Eve Troutt Powell, MESA’s president and Christopher H. Browne Distinguished Professor of History and Africana Studies at the University of Pennsylvania, said in a statement, “Since 2005, the BDS vote has been discussed among MESA members, who have organized various forums for conversations and debates regarding participation in an academic boycott of Israeli institutions and other ways of standing in solidarity with Palestinian scholars at risk under Israel’s longstanding military occupation. We affirm our commitment to academic freedom for Palestinians, and for all scholars in all countries throughout the region.”

The Academic Engagement Network, which opposes BDS, said in a statement that as an organization “committed to open intellectual exchange and inquiry, we find it deeply ironic that this resolution is being presented within the framework of MESA’s ‘commitment to academic freedom,’ when BDS is, in fact, antithetical to this very principle and core value that defines the academy.” AEN said that the endorsement of BDS “will inevitably—and inequitably—discriminate against, exclude, and isolate Israeli scholars by singling out the Israeli academy for boycott.”
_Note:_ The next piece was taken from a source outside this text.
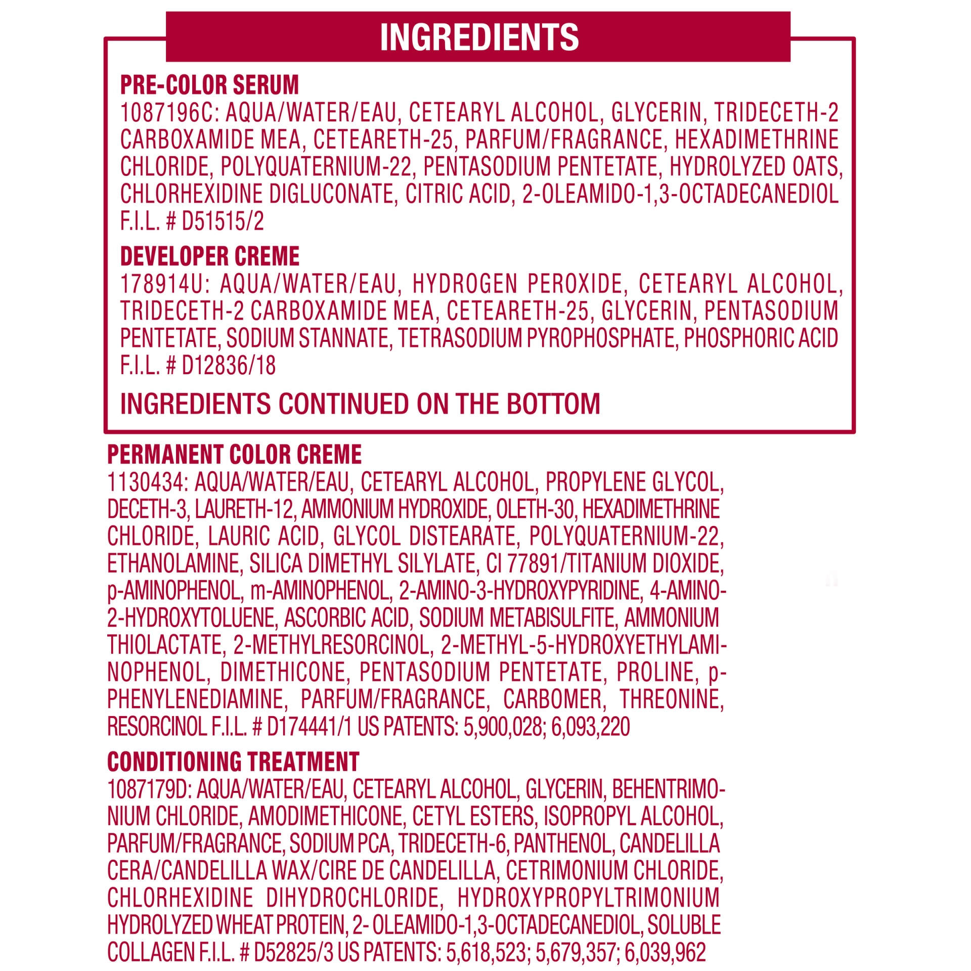 Pre-Color Serum: 1087196C: Aqua/Water, Cetearyl Alcohol, Glycerin, Trideceth-2 Carboxamide MEA, Ceteareth-25, Fragrance, Hexadimethrine Chloride, Polyquaternium-22, Pentasodium Pentetate, Hydrolyzed O…

Tammi Rossman-Benjamin, director of the AMCHA Initiative, a nonprofit that fights anti-Semitism at colleges and universities, said in a separate statement, “What MESA did is morally reprehensible and incredibly dangerous. Although the academic boycott that MESA members voted to endorse seemingly targets only Israeli institutions and scholars, the biggest victims of academic BDS are students and faculty on U.S. campuses.”